I can never really enjoy a piece the first time through. I get the most enjoyment from listening to it over and over until I could follow along in my head with any voice in the music. Thus, no piece of music is too sacred for me to "save for a special occasion." The only ones I specifically try not to listen to very often are the ones that have already worn out their welcome.

It's a dopamine thing, I think. Matching what I hear to what I have in memory releases dopamine, prompting further memorization and facilitating addiction.


----------



## Andolink (Oct 29, 2012)

Definitely Mahler is in this category for me.


----------



## Arsakes (Feb 20, 2012)

20th century composers (mostly neo-classicists and minimalists):
Bartok, Stravinsky, Prokovief, Hovhaness, J.Adams and Shostakovich!
I'm more of a 19th century music fan.


----------



## dstring (May 14, 2013)

I come back to Kaija Saariaho's music every now and then and try to feel it, create a place for it in my mind and understading.
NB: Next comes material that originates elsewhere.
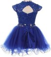 Home >  Special Occasion Dresses >  Cheap Flower Girl Dresses > Charming Scoop Cap Sleeves Mini Length Beading and Lace Zipper Flower Girl Dress with Blue

This is about four times a year.

I've always failed and probably will.


----------



## schuberkovich (Apr 7, 2013)

Kopachris raises a good point. I don't think humans ever (or very rarely) _get_ a piece of music on the first listen. To really enjoy a piece, I need to be familiar with it, sometimes so familiar that I know exactly how it goes. On the first listen, you can think "this is nice" or "that's definitely interesting" but I don't think you can "instantly connect".


----------



## Kopachris (May 31, 2010)

schuberkovich said:


> Kopachris raises a good point. I don't think humans ever (or very rarely) _get_ a piece of music on the first listen. To really enjoy a piece, I need to be familiar with it, sometimes so familiar that I know exactly how it goes. On the first listen, you can think "this is nice" or "that's definitely interesting" but I don't think you can "instantly connect".


I think some people can instantly connect with some pieces. I'm not one of them, though. Or at least, I haven't found a piece that I instantly connected with.


----------



## Kleinzeit (May 15, 2013)

dstring said:


> I come back to Kaija Saariaho's music every now and then and try to feel it, create a place for it in my mind and understading. This is about four times a year.
> 
> I've always failed and probably will.


I put a great deal of effort into failing with Saariaho and many others. It's been working out pretty well so far.

Also, the amount I don't know increases daily, so I got that working for me, which is good.


----------